Although intended as two volumes, to date, only the first has seen print. This is likely due to the lapsing of Humanoids US-distribution deal with DC, as Guice said in December 2003, while working on Volume One that that book "wraps in March [2004]", which he then "scheduled to start work on volume two almost immediately".

After leaving CrossGen, Guice worked with writer Warren Ellis on a six-issue story-arc entitled "New Maps of Hell" for DC's JLA: Classified title and then worked on the "One Year Later" revamp of Aquaman, in Kurt Busiek's Aquaman: Sword of Atlantis, debuting with #40 of the previous Aquaman title.
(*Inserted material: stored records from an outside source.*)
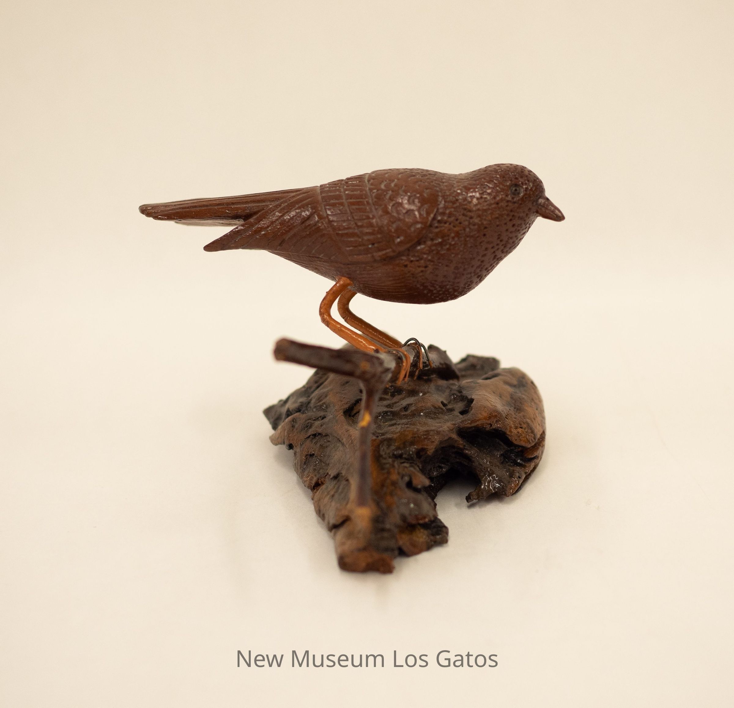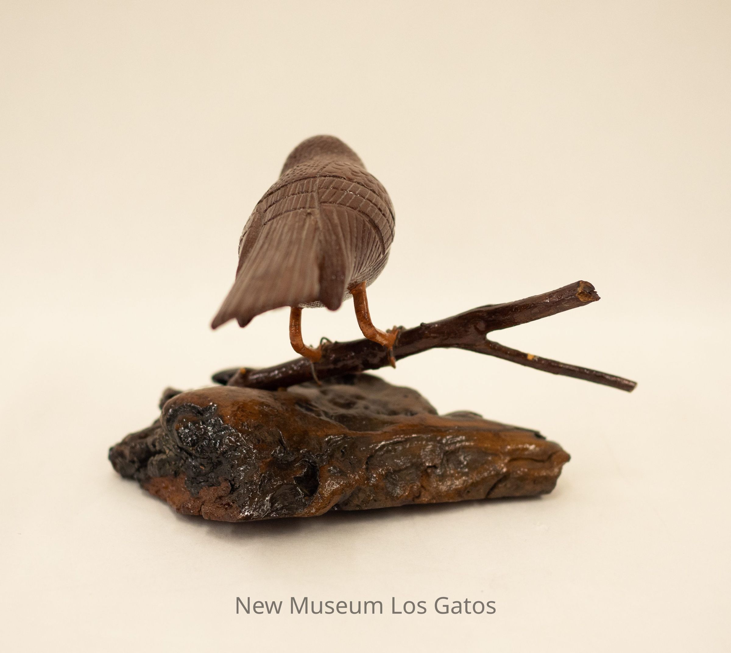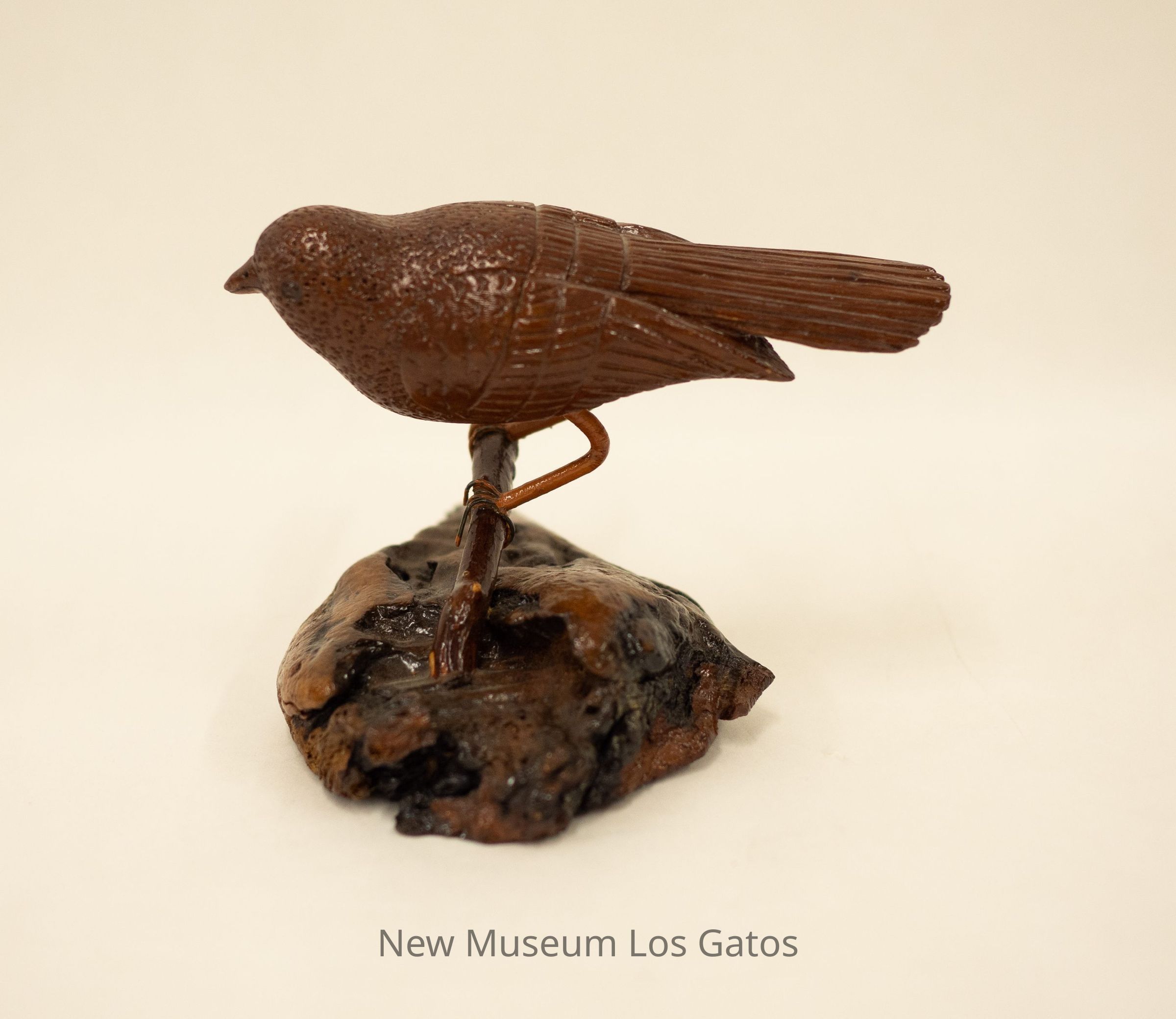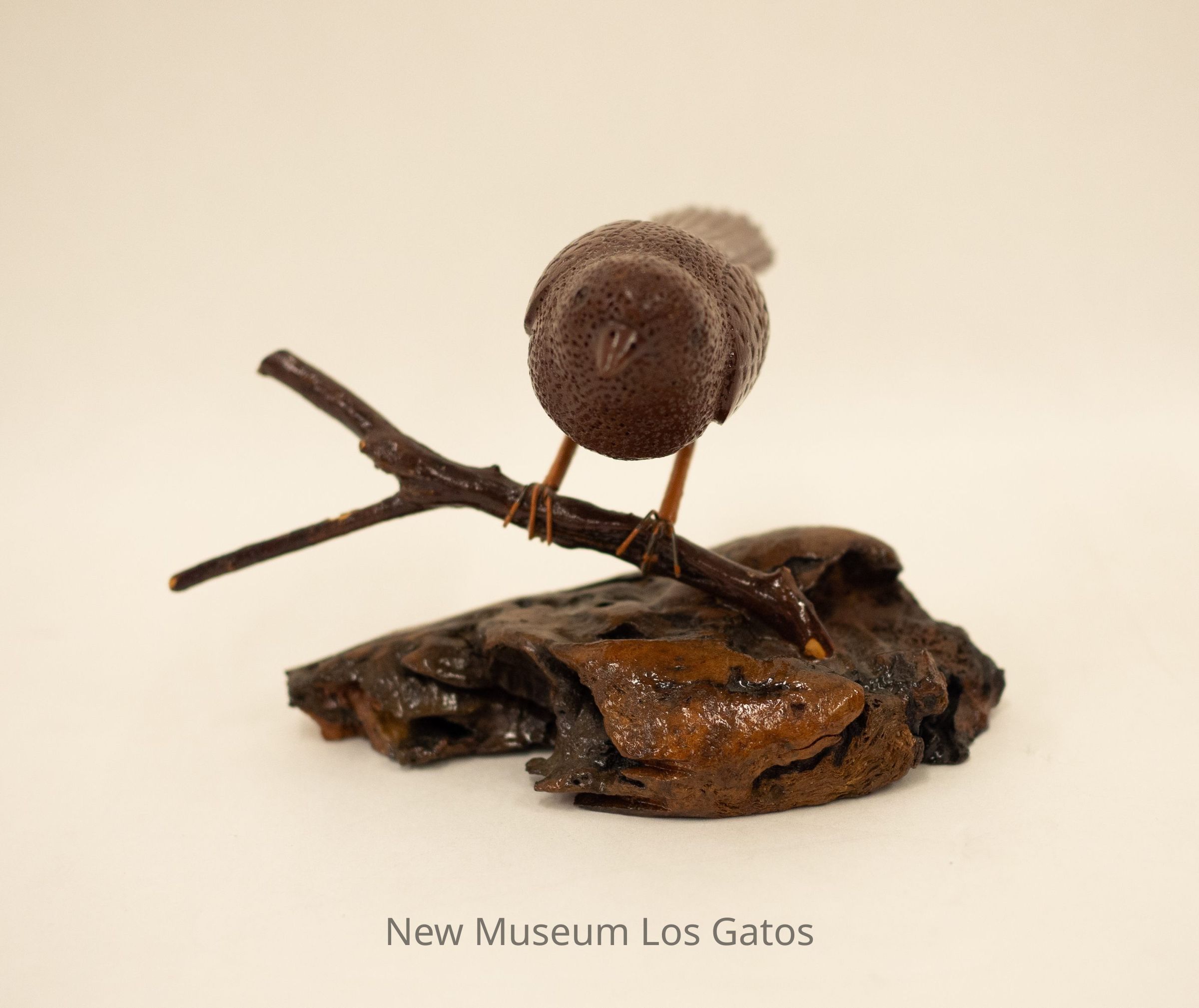 A hand-carved wooden sculpture of a dark brown bird perched on a branch that is attached to a wooden base.Type of Sculpture
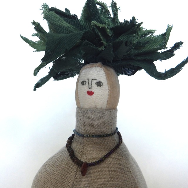 サイズ:Φ10cm H22cm 多少誤差があります。 重さ:115g 素材:麻・綿・ビーズ・ポリエステル綿・ウエイトビーズ・古布 どこかの民族衣装を纏ったようなフラワーではなく、グリーンのドールです タイやインド等アジアの刺繍布、民族衣裳の古布、リボンなどどの面から見ても絵になる布の魅力をお楽しみください 下部にはウエイトビーズが入っているので安定感があります。 玄関、リビング、寝室と様々なシチュエーションでインテリアのアクセントに。 布製のハンドメイド商品ですので強い衝撃などにご注意ください
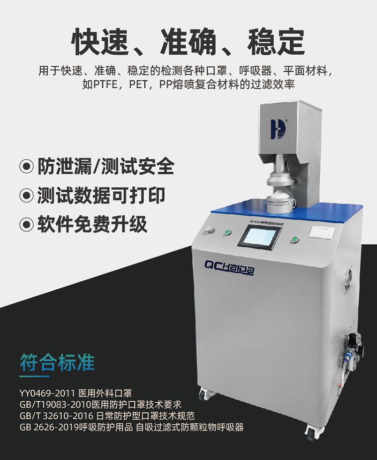 熔噴布顆粒物過濾效率測試臺(含通氣阻力測試)是用于檢測衛(wèi)生防護用口罩熔噴布的過濾性能,防護過濾效率,過濾效果的檢測裝置。熔噴布具有孔徑小、孔隙率高、過濾效率高等特點,作為口罩生產(chǎn)的核心材料對規(guī)范熔噴布企業(yè)生產(chǎn)經(jīng)營行為、保證口罩核心原材料質(zhì)量發(fā)揮積極作用。 現(xiàn)有少量現(xiàn)貨,價格實惠,預購從速,先到先得! 詳詢13390877155 設計標準: ①、T/JSFZXH001-2020《口罩用聚丙烯熔噴非織造布》 ②、GB2626-2019呼吸防護用品自吸過濾式防顆粒物呼吸器 ③、GB/T32610-2016日常防護型口罩技術規(guī)范 ④、GB/T19083-2010醫(yī)用防護口罩技術要求 ⑤、YY0469-2011醫(yī)用外科口罩產(chǎn)品特點 ①、全程顆粒物防泄漏設計,保護實驗人員安全; ②、檢測艙配置操作手套,方便待檢口罩的更換; ③、兼容口罩和呼吸器類試樣測試顆粒物防護效果和過濾效率。 |
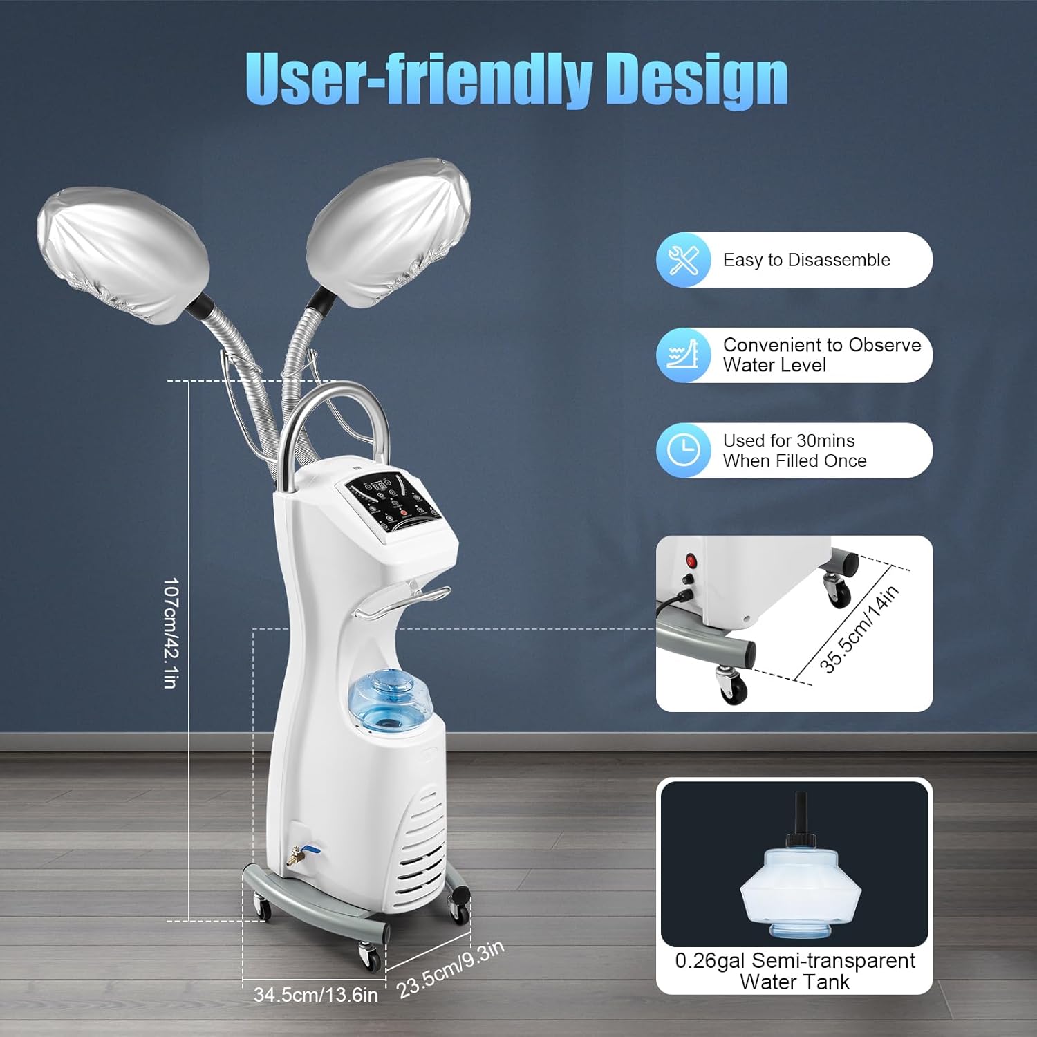 User-friendly Design: The standing hair dryer’s external water tank with a semi-transparent design is easy to disassemble and convenient to observe the water level at any time. Its 0.26gal capacity can be used for about 30 minutes when filled once, avoiding frequent water refilling, and saving time and effort.
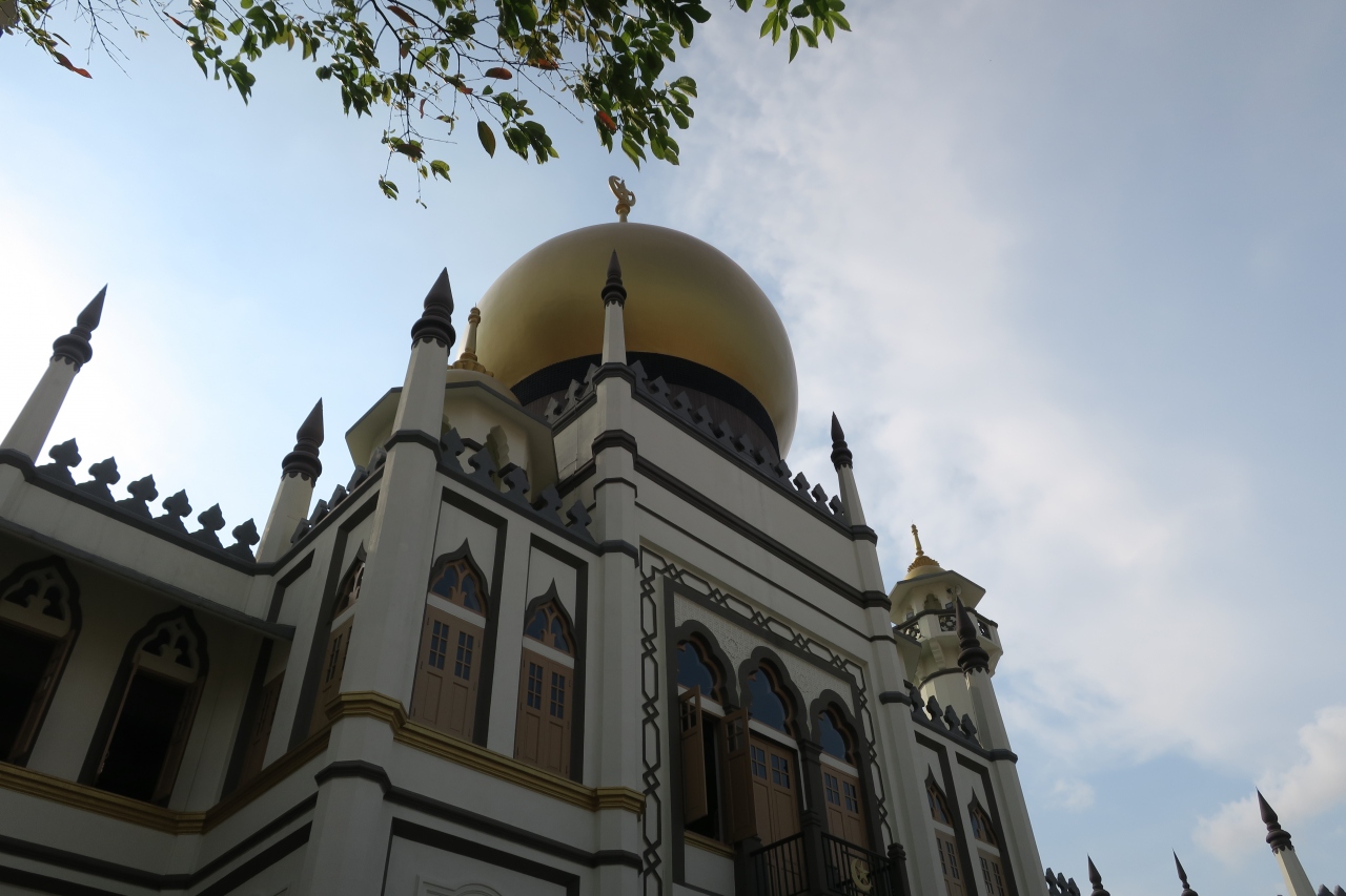 MRTブギス駅(ダウンタウン線と東西線)から歩いてすぐの「アラブストリート」にあるモスクです.観光旅行で買い物などをしていても,他民族他宗教国家シンガポールということを思い出させてくれます.そして異教徒でも中を見学できます.
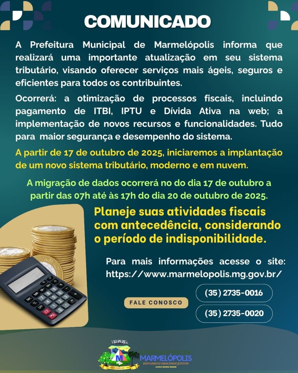 A Prefeitura Municipal de Marmelópolis informa que realizará uma importante atualização em seu sistema tributário, visando oferecer serviços mais ágeis, seguros e eficientes para todos os contribuintes.
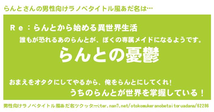 | 女子向けラノベタイトル風あだ名 | 『(仮)らんとのやんごとなき事情』 |
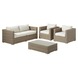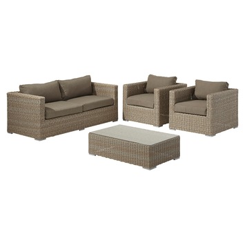 Loungeset Jakarta is een tuinset waarmee u een echte zithoek buiten creëert. De set bestaat uit een bank en twee losse fauteuils die gemaakt zijn van houtkleurig wicker. Dit kunststof materiaal is weerbestendig. Heel handig dus, u hoeft voor de bescherming van uw meubelen niet eens een hoes te gebruiken. De bijgeleverde naturel kussens kunt u beter wel bewaren in een kussenhoes of kussenbox. De loungeset wordt geleverd met een rechthoekige tafel voorzien van een glazen bovenplaat. Deze zorgt voor een glad, stabiel oppervlak en is handig schoon te maken. De meubelen zijn mooi afgewerkt en hebben aluminium poten.
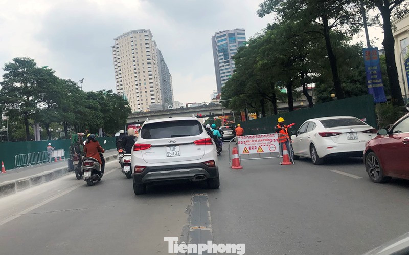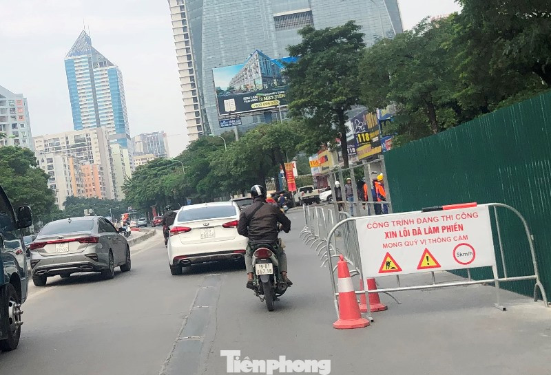 Diện tích được các đơn vị thi công dựng rào chiếm gần 1/2 lòng đường dành cho giao thông hỗn hợp.
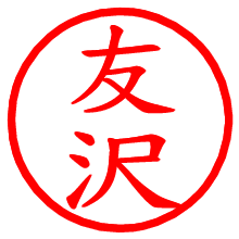 [朱肉の色]を選び、入力窓に“友沢”と入力して[生成]ボタンを押すと、印影が更新され、リンクから電子印鑑(デジタル印影)がダウンロードできます。 電子印鑑「友沢」の作り方文字表示が変なときや、文字バランスが悪いときは[字形切替]のチェックボックスでON/OFFを切り替え[生成]しなおしてください。 生成される画像は通常の印影「友沢.png」と、にじみを表現した少し太めの印影「友沢B.png」の背面透過PNG形式2種と、鮮明なPDF形式の印影「友沢.pdf」の計3種類です。 朱肉の微妙な色の違いを7色で表現しました。デフォルト(左端)は、JISが定めた朱肉の色のマンセル値(7.5R 5/14)をRGB値(217,66,54)に変換したものになっています。 「電子透かし」にチェックを入れて[生成]ボタンを押すと、タイムスタンプを電子透かしとして埋め込んだセキュアな電子印鑑が作れます。詳細は別ページの「タイムスタンプと電子透かし」でご覧ください。 友沢さんの日付印が作れます。「日付スタンプメーカー」は、社内向けの書類に利用されることの多い日付印(データ印)が無料で作れるWebアプリケーションです。中段に日付が入り、上段と下段は、ともに8文字まで文字が入ります。 ![]() 古代文字で落款印が作れます。「落款スタンプメーカー」で作品を引き立たせる落款印が作れます。

Guice stayed for eight issues, and Busiek said of his artist colleague:

"Aside from being a terrific artist and strong storyteller, Butch can really make you believe in the exotic fantasy worlds of the Atlantic oceanscape. And he draws a great King Shark -- and a creepy Dweller, to boot. And cool warriors, gorgeous women, strange creatures and more. He's the perfect guy for this book, and I've wanted to work with him for years."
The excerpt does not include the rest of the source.